Wireless Digital Music System 

My collection of favourite music has its origins in the vinyl era of recordings. I mention this merely as a lead in to a recent visit I paid to a location known as the Vinyl Factory in the Soho area of central London.

Hosting this particular event was Naim, a company founded in 1973 by Julian Vereker MBE.  As the winner of the prestigious Queen’s Award for Enterprise on three occasions, including the award it received for its ground-breaking design of digital music systems in 2014, Naim has built up an impressive reputation with its work in the field of audio system.  Owners of Bentley cars could well have experienced Naim audio as the company has an exclusive partnership with Bentley Motors with Naim’s premium audio system being offered as an optional extra on all Bentley cars.  The event was to introduce the company’s Muso™ product to interested parties such as myself.

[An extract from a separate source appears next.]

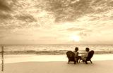 Senior couple enjoying beach vacation at sunset Bahamas

While not currently available to the public until September 2014, I am taking this opportunity to provide some basic information regarding the Muso wireless music system that may whet your appetite for what will be available in the near future.  The Muso is a rectangular shaped box with a metallic appearance that has been designed with the modern living environment in mind.

Naim believes the Muso will offer an engineered set up in sound quality as it combines ease of set up with the best possible experience for the listener.  According to Paul Stephenson, Naim’s Managing Director, the company has created a system (Muso) that is a revelation in sound and a joy to won and use.  This has been achieved “through a simplicity in design and an understanding of the engineering and technology needed to unleash digital music” for the enjoyment of users.  So how is this audio experience been achieved?

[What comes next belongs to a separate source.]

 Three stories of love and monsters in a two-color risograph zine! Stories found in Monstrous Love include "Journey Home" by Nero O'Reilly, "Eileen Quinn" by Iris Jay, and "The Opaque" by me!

The Muso can stream high quality audio, at a claimed better quality than that delivered by CDs, from a range of mobile devices such as Apple and Android smartphones and tablets plus laptops and other storage devices.  When used with Apple and Android devices, Naim has developed a Muso app that allows the user to create playlists and control the music output.  The app can also give access to numerous Internet radio stations.  As with the main product, the app will not be available until September when it can be downloaded from the appropriate store.

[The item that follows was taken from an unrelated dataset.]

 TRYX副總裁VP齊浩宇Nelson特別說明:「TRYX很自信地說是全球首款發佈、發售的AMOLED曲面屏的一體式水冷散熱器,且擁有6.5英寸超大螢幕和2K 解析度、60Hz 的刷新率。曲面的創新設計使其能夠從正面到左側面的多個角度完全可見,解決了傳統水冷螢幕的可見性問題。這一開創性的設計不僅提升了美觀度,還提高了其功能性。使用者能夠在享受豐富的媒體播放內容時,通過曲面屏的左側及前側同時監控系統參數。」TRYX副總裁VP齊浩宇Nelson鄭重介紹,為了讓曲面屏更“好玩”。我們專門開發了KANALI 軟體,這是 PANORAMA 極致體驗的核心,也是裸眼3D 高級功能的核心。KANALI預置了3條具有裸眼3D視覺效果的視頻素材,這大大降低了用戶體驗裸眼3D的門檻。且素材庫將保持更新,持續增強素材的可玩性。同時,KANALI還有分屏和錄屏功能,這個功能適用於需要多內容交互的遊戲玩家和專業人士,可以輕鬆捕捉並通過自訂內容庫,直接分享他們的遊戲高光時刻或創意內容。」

The Naim wireless music system is based around an embedded Wi-Fi antenna system (patent-pending) designed as a result of collaboration between Naim engineers and a consultant professor from Queen Mary University of London.  Two hidden printed-circuit slot antennae work in combination with a dual-channel diversity receiver to provide an excellent Wi-Fi link from within a metallic enclosure.  It will be interesting to see how this works within various home audio set ups.

Muso promises to offer support for AirPlay, UPnP (Universal Plug ‘n’ Play), Bluetooth (aptX), Internet radio and popular streaming services.  It can also accept audio from a television, set top box and game console plus MP3 players of various types using USB or 3.5mm analogue connectivity.  The Muso system is capable of playing a range of audio formats including Apple Lossless CD imports from iTunes and HD formats such as WAV, FLAC and AIFF.

Delivering 450W of power spread over six 75W digital amplifiers has a bespoke EQ system which adapts output depending upon the positioning of the unit within its environment.  So whether the Muso is positioning close to or away from a wall, you will receive a tailored audio solution.  The Muso has an internal wooden speaker cabinet with silk dome tweeters.  Providing the user with a degree of customisation, the speaker grille can be replaced with a choice from three colour variations.

As well as controlling the device via an app, the Muso features a touch sensitive illuminated silver volume wheel housed on top of the unit.  This control wheel is constructed of a solid ring of bead-blasted anodised aluminium circling a fixed touch panel centre.  The touch panel makes use of a patent-pending system of illumination which involves refracted light delivering varying intensity depending upon the current setting.

Unfortunately, due to the arrangement of the listening area and extraneous noise from various conversations, I can not really comment on the actual sound quality of the Muso but the product does look impressive.  Come September the Muso will be available from selected outlets priced at £898 which will probably restrict its appeal to real enthusiasts will deeper pockets than mine.